Now to some readers this may seem like a gentlemanly opening for dialogue, but based on the remainder of the book, I would have to argue otherwise. Dawkins sees two possibilities–religion of all related varieties on the one side, and atheism on the other. He downplays moderation of all types. There was the time in reading this book that I thought I would respond only to that point, because for me this is the critical issue. Do we look at all the various options across the spectrum, or do we try to reduce them to a binary choice between two extremes? If we reduce them to the two extremes, I wind up with the religious fundamentalists. I’m not going to say that’s unfair. Fairness is not the most important issue. But it is inaccurate.

No matter how much rhetoric is expended to try to pretend otherwise there is a difference between me and an old earth creationist, and in turn between the old earth creationist and a young earth creationist. There is even a difference, hard as it may be for a defender of the theory of evolution to see, between someone like Kent Hovind and Kurt Wise (pp. 284-286). The world doesn’t divide itself into only these two extremes.

Now while I consider this an extremely important point, it might be irrelevant to the theme of the book, except that Dawkins regularly attacks those who take a more nuanced position than his. An entire section is titled “The Poverty of Agnosticism” (pp. 46-54) and it is not at all kind to agnostics.

I would have to admit that this section annoyed me even more than most of the attacks on Christianity. I would regard Agnosticism as an extremely rational alternative. In fact, from a purely intellectual point of view, barring any leap of faith or other such maneuver, I would probably fall into that camp. But Dawkins is fully convinced that there is or will be a natural explanation for everything, and thus even suggesting that one doesn’t know simply strikes him as too weak.

This results, again, from that simple binary approach. If you make the assumption that there are two alternatives, either it can be demonstrated that God exists, or atheism is true, then if you can show that the demonstration of God’s existence has failed, atheism is the only remaining option. It’s no surprise that agnosticism draws Dawkins’s ire here! It’s the obvious alternative. If you fail to demonstrate that God exists, you don’t assume the alternative; you realize that you don’t know.

If one forms the question instead as “How do we understand the existence of the physical universe?” the answers are somewhat different. They would include God, a self-existent physical universe (so atheism), and no possibility of coming up with an understanding. Each of these alternatives would need to be examined on its own merits.

One more note on the issue of moderation:

As long as we accept the principle that religious faith must be respected simply because it is religious faith, it is hard to withhold respect from the faith of Osama bin Laden and the suicide bombers. The alternative, one so transparent that it should need no urging, is to abandon the principle of automatic respect for religious faith. This is one reason why I do everything in my power to warn people against faith itself, not just against so-called ‘extremist’ faith. The teachings of ‘moderate’ religion, though not extremist in themselves, are an open invitation to extremism. (p. 306)

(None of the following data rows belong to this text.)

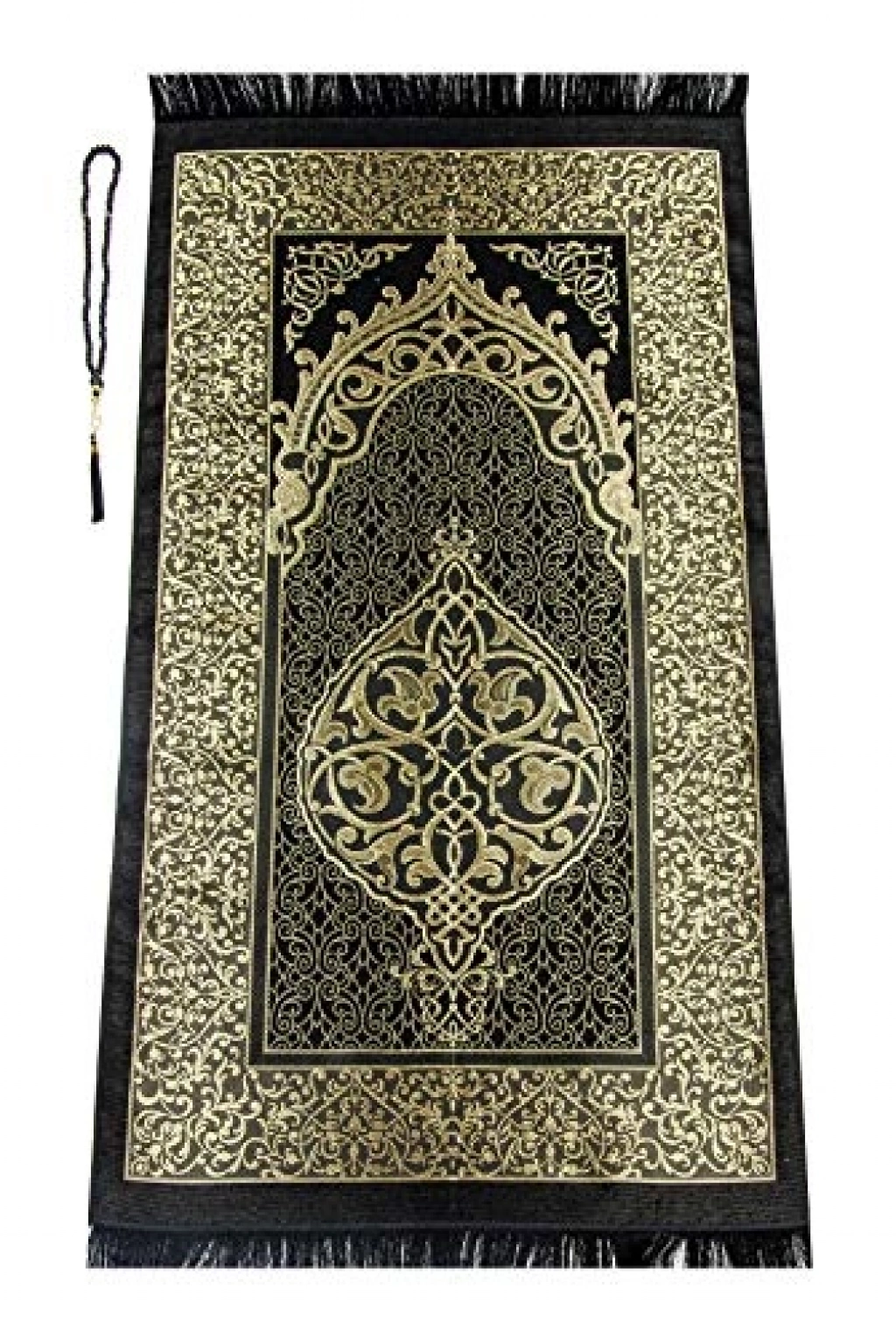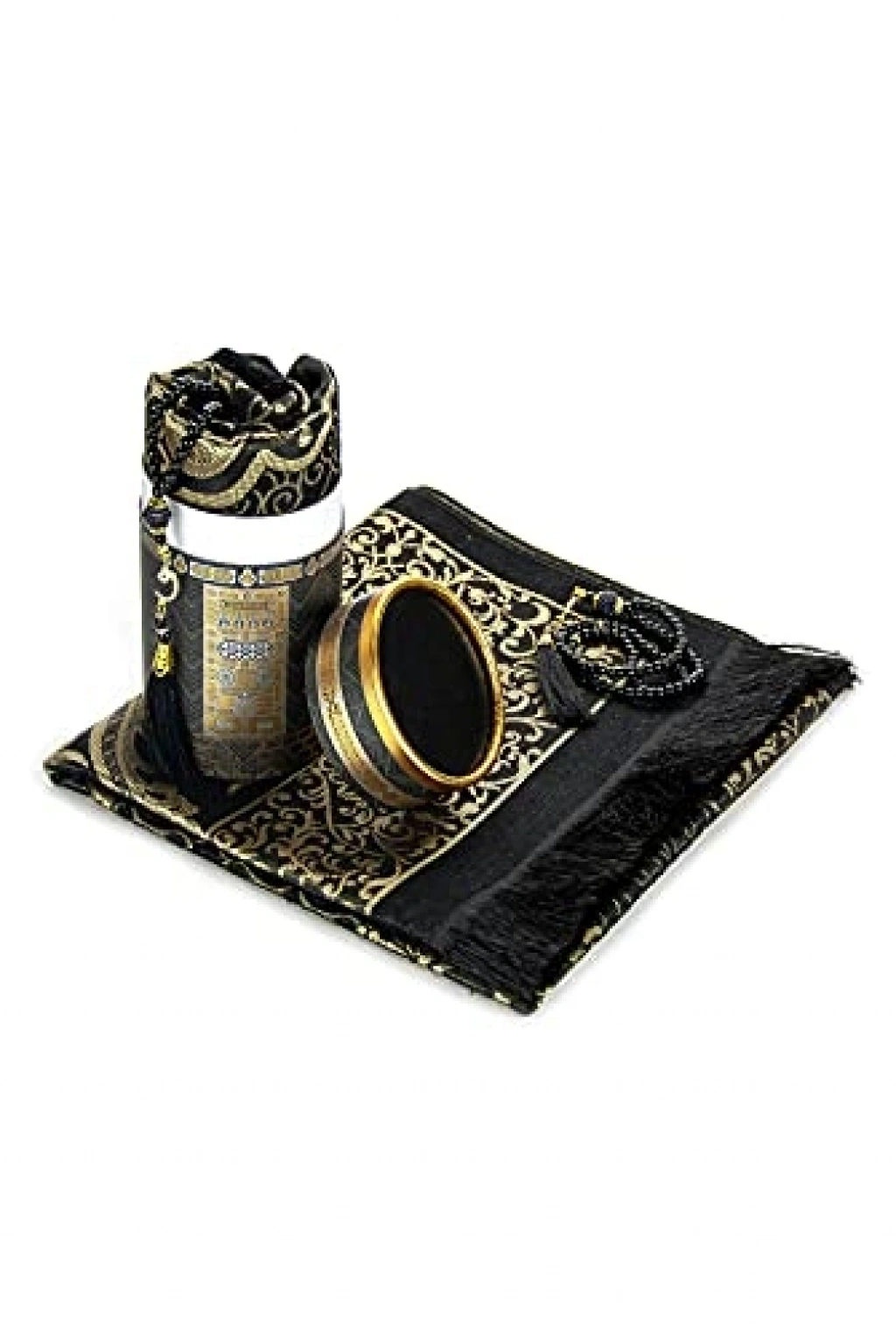 Siyah kablolu silindir kutu içerisinde yer alan tafta seccade, Kabe tasarımıyla dikkat çekmektedir. 99'lu inci tesbih ile birlikte gelir ve şık bir hediye alternatifi sunar.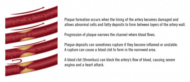 The inside of a coronary artery has a smooth lining through which blood easily flows. Coronary artery disease starts when the lining of the coronary artery is damaged. This often is due to a risk factor, such as smoking, hypertension or diabetes. A plaque deposit (a fatty material composed of cholesterol and other abnormal cells) forms between layers of the artery wall. This buildup, called atherosclerosis, causes the arteries to become stiff and slows the flow of blood to the heart muscle. Over time, buildup of stable plaque can clog the artery and cause a partial or total blockage.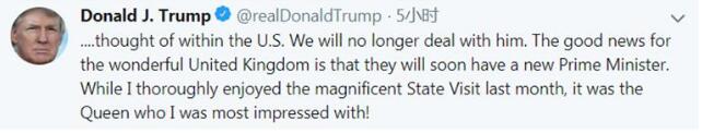 “我一直对英国首相特雷莎·梅处理英国脱欧的方式持批评态度。她和她的代表们把局面搞得一团糟。我已经告诉了她应该怎么做,但她决定走另一条路。”特朗普首先写道。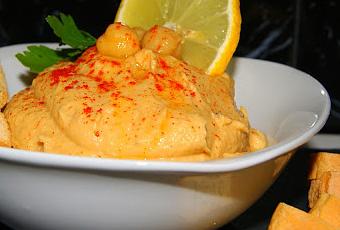 En un bol colocamos los 200gr de garbanzos, con el diente de ajo, la cucharada de tahini, una pizca de pimentón, una pizca de comino, un poco de pimienta negra y una pizca de sal y batimos.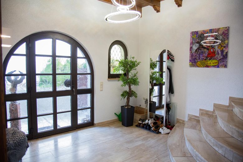 Der großzügige Eingangsbereich mit eleganter Treppe führt ins Obergeschoss. Auf dieser Ebene befinden sich außerdem ein praktischer Büroraum sowie das eindrucksvolle Kaminzimmer mit stilvollem Heizkamin und integrierter Hausbar. Von hier aus gelangen Sie direkt auf die sonnige Süd-West-Terrasse und in den liebevoll angelegten Garten .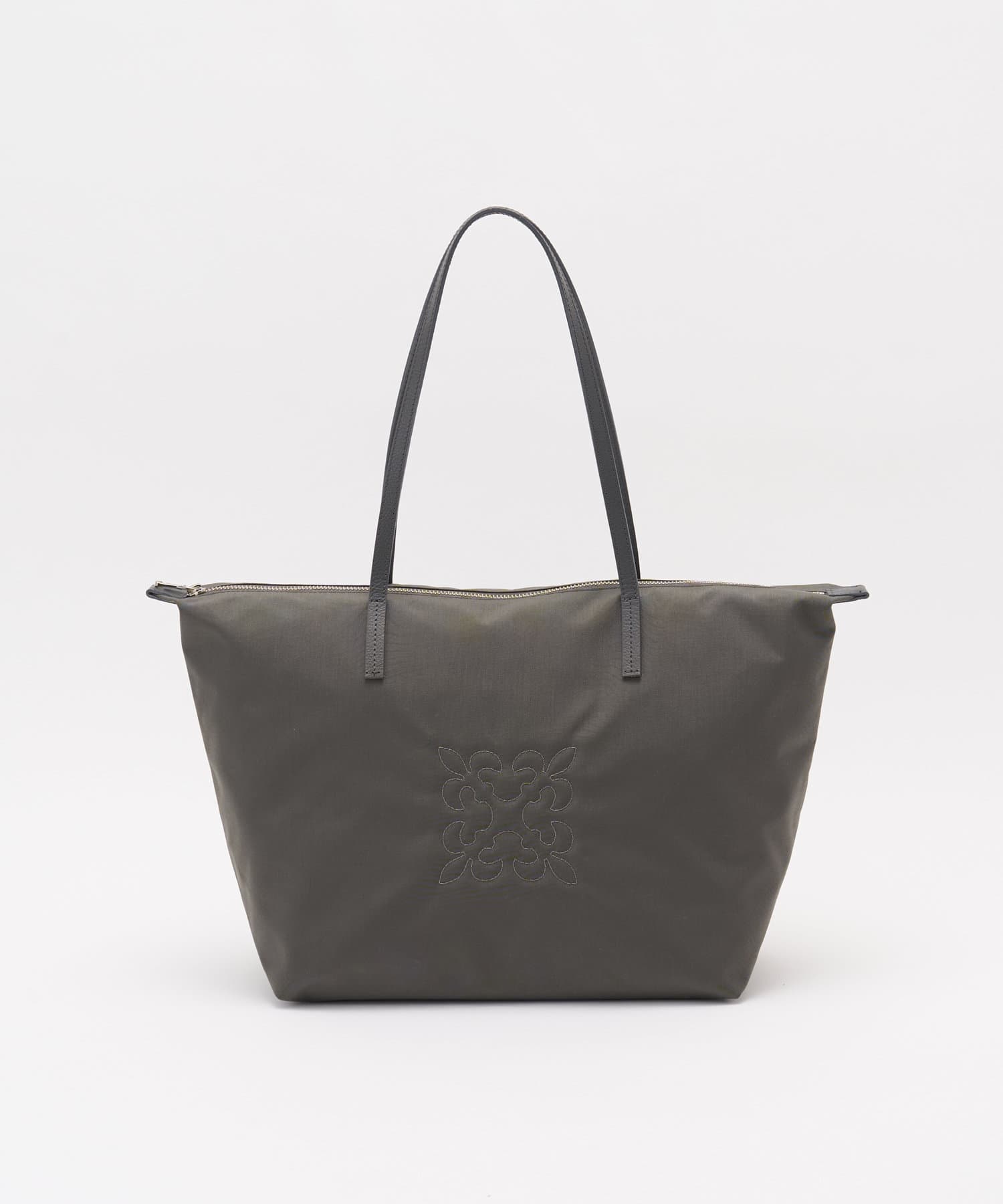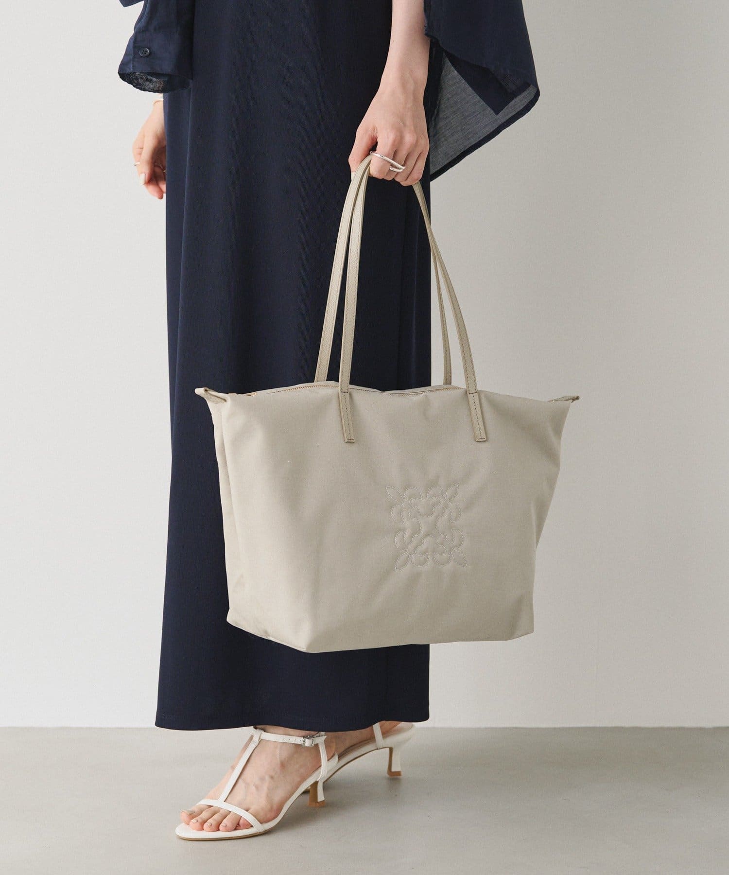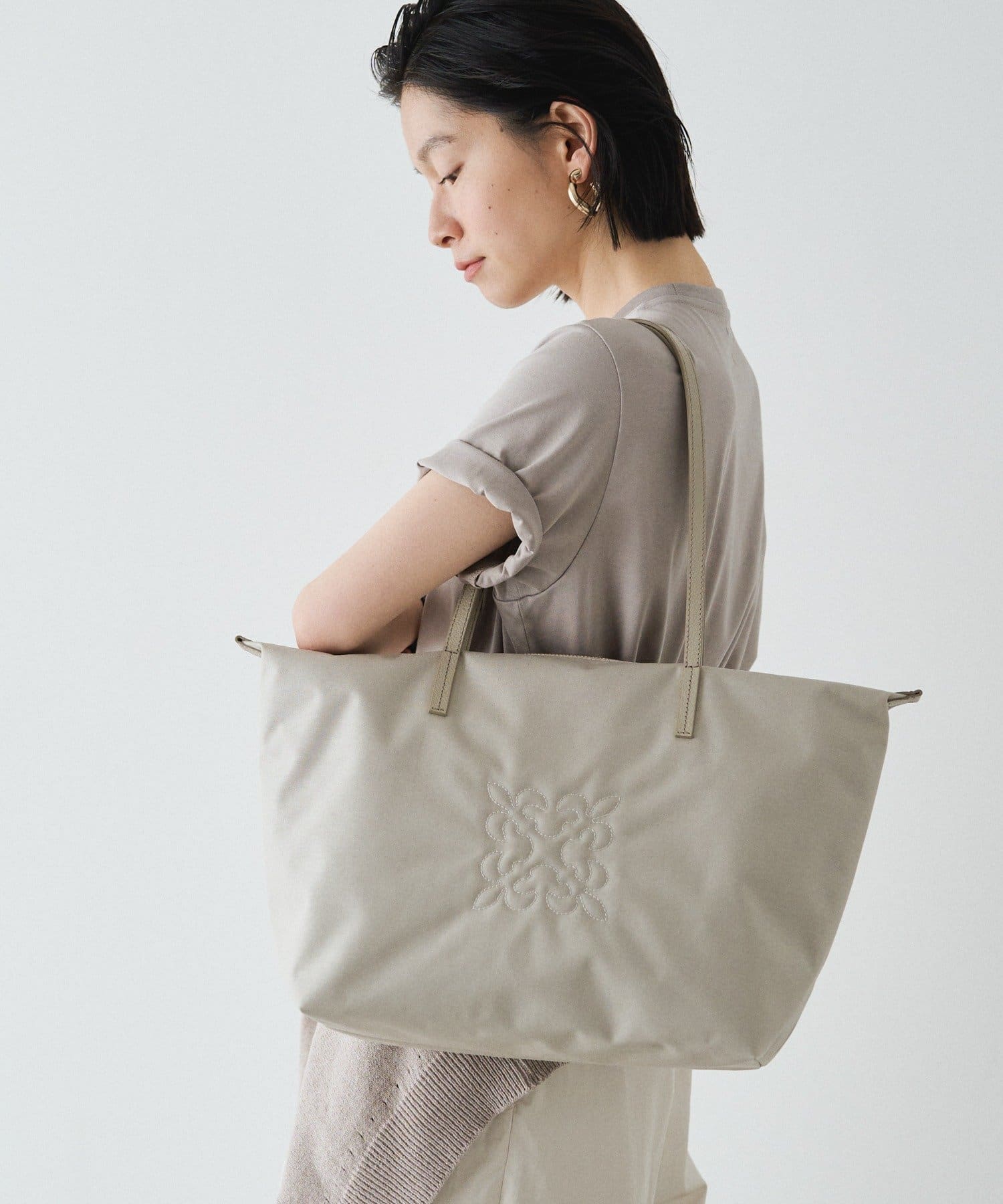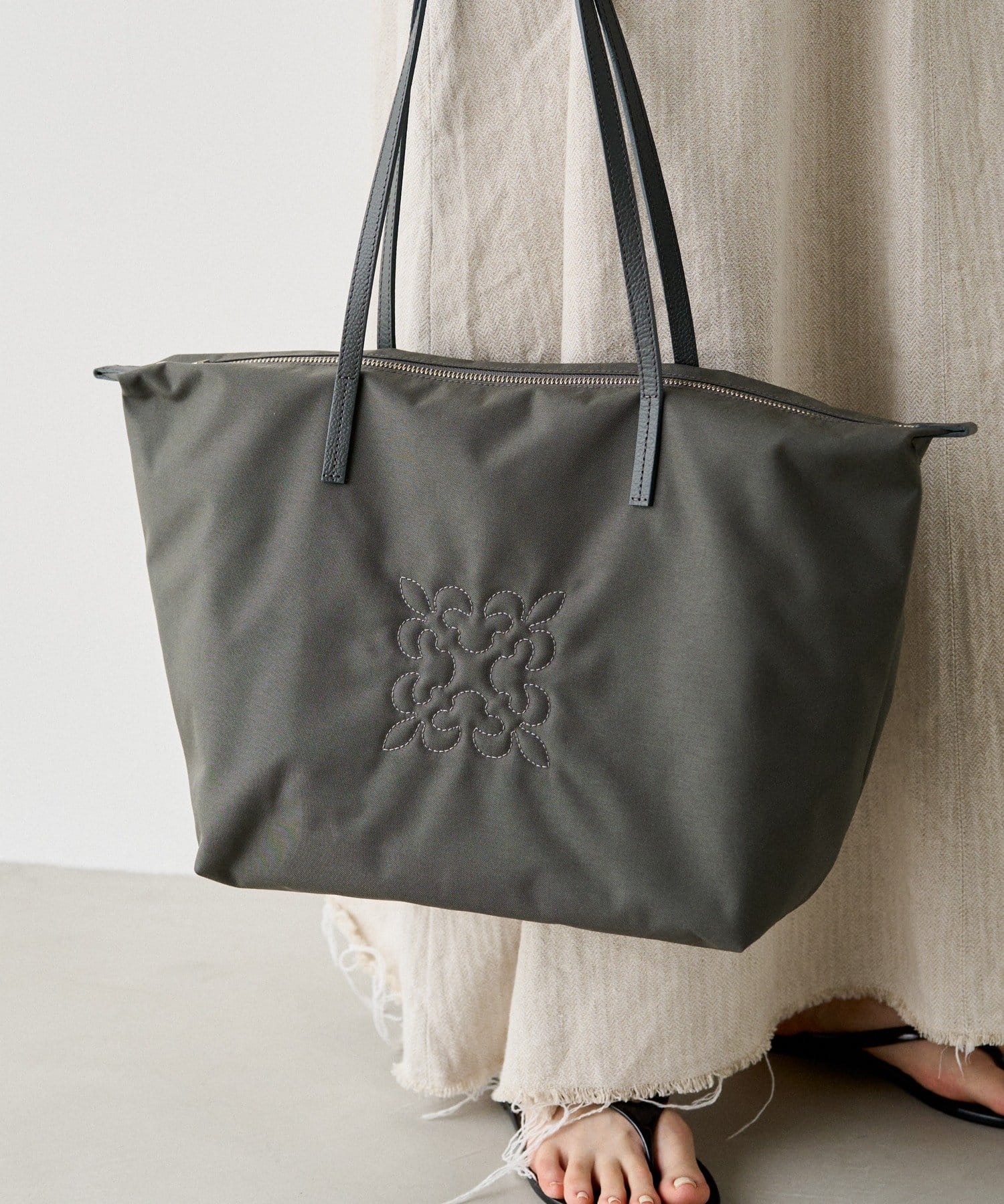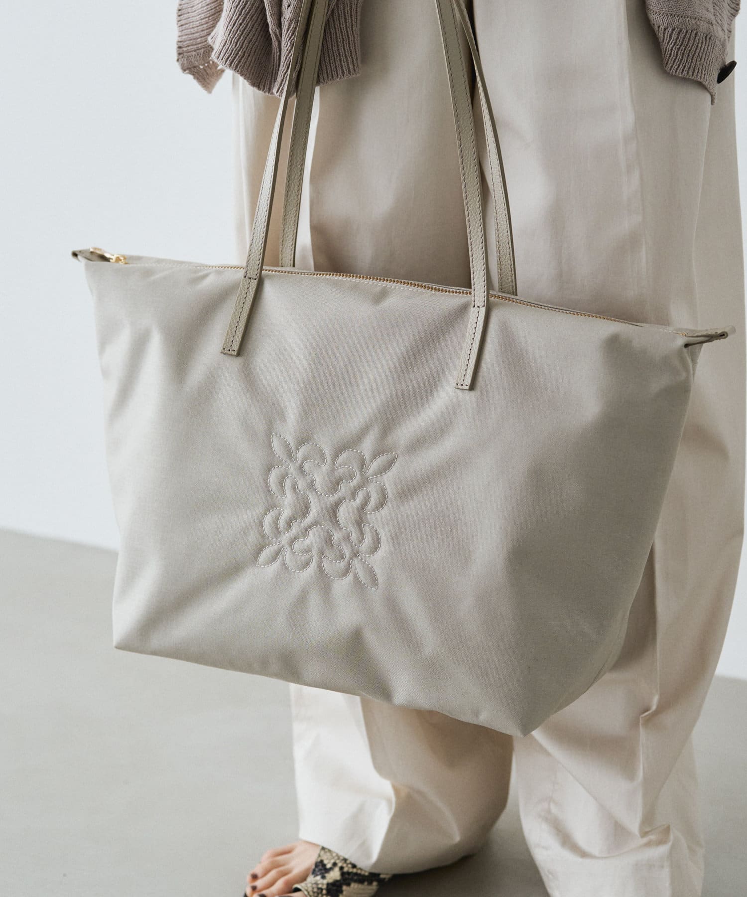 モノグラムモチーフの刺繍がポイントでカジュアルだけど、どこか上品。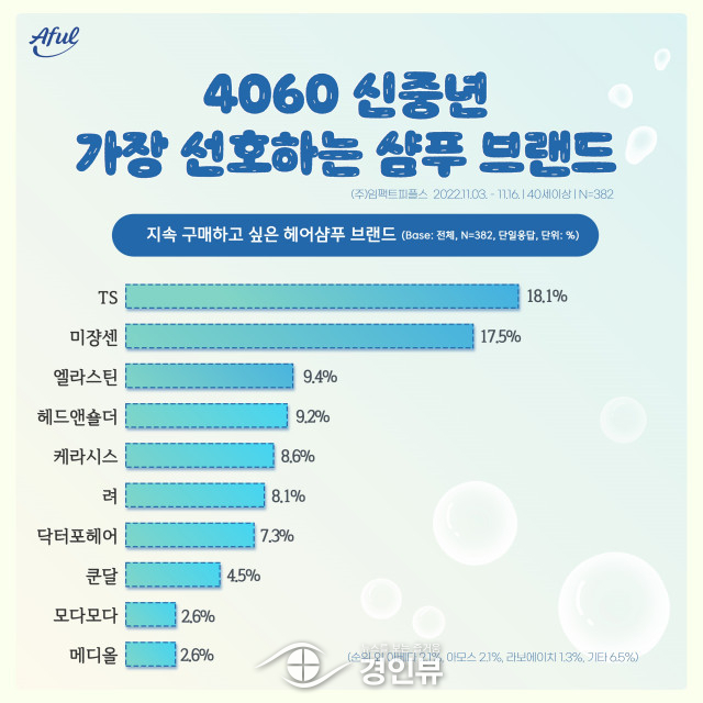 4060 신중년의 헤어케어 제품 이용 및 구매 트렌드 조사 결과, 신중년이 ‘구매를 희망하는 헤어샴푸 브랜드’ 1위는 ‘TS(18.1%)’가 차지했다. 2위는 ‘미쟝센(17.5%)’으로 1위와 단 0.6%의 차이를 나타냈다. 3위는 9.4%의 선택을 받은 ‘엘라스틴’이었다.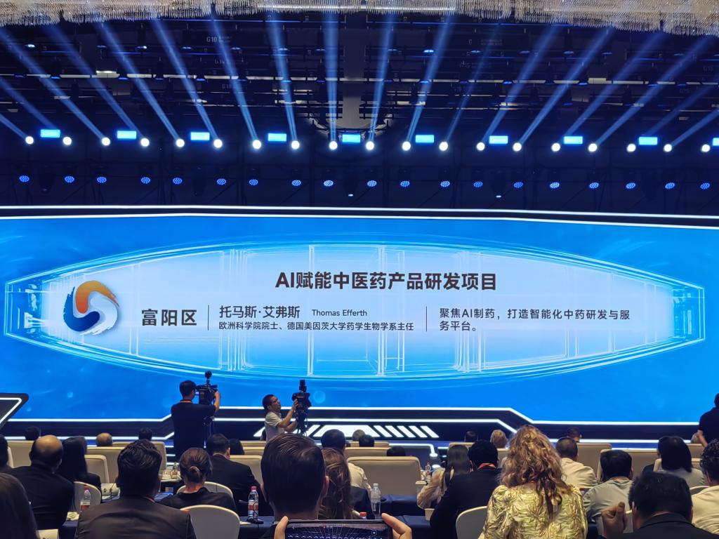 活动伊始,全国人大常委会副委员长、中国科学院院士丁仲礼,浙江省委副书记、省长刘捷,浙江省委常委、杭州市委书记刘非分别致辞;欧洲科学院院长、中国科学院外籍院士Donald Bruce Dingwell代表外宾致辞。活动现场,富阳区委书记王牮与Thomas Efferth院士交换了重点人才合作项目文本。该项目聚焦AI制药领域,以打造智能化中药研发与服务平台为核心目标,旨在推动中医药产业与前沿技术的深度融合。此次合作标志着双方将在AI赋能中医药产品研发领域深化合作,共同推动现代中医药产业在富阳的深耕发展。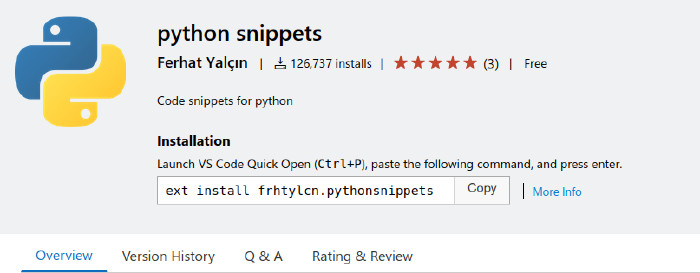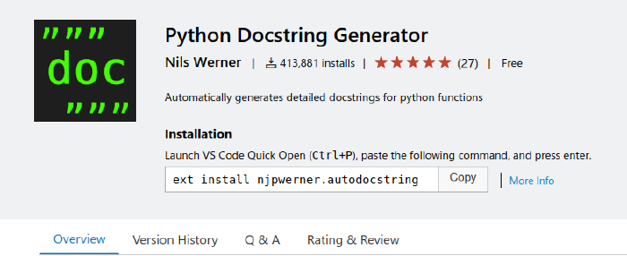 Python Snippets 是由 Ferhat Yalçın 开发的内置代码片段包的扩展。这个扩展对开发者非常友好,尤其是对 Python 初学者。它包含许多内置代码段,比如 string、list、sets、tuple、dictionary、class 等等。使用此插件的另一个优点:它还为每个代码段提供了至少一个示例,这对学习 Python 的人来说非常有帮助。Python Snippets 下载地址:https://marketplace.visualstudio.com/items?itemName=frhtylcn.pythonsnippetsPython Docstring Generator

One of the most common arguments I face from fundamentalists and also some conservatives is the “slippery slope” argument. If you give anything away, it’s only the first step to giving everything away. But this is a fallacious argument because it has built in the assumption that the correct position will result from choosing one of the extremes. Perhaps the position in the middle is the most correct, and in that case we would have a “slippery slope” on either side.

This quote is also further evidence that I did not miss the nature of the book in my comments on Plantinga’s review. Put simply, there is no religious position which Dawkins finds tolerable. All of the positions in the middle are simply dangerous compromises.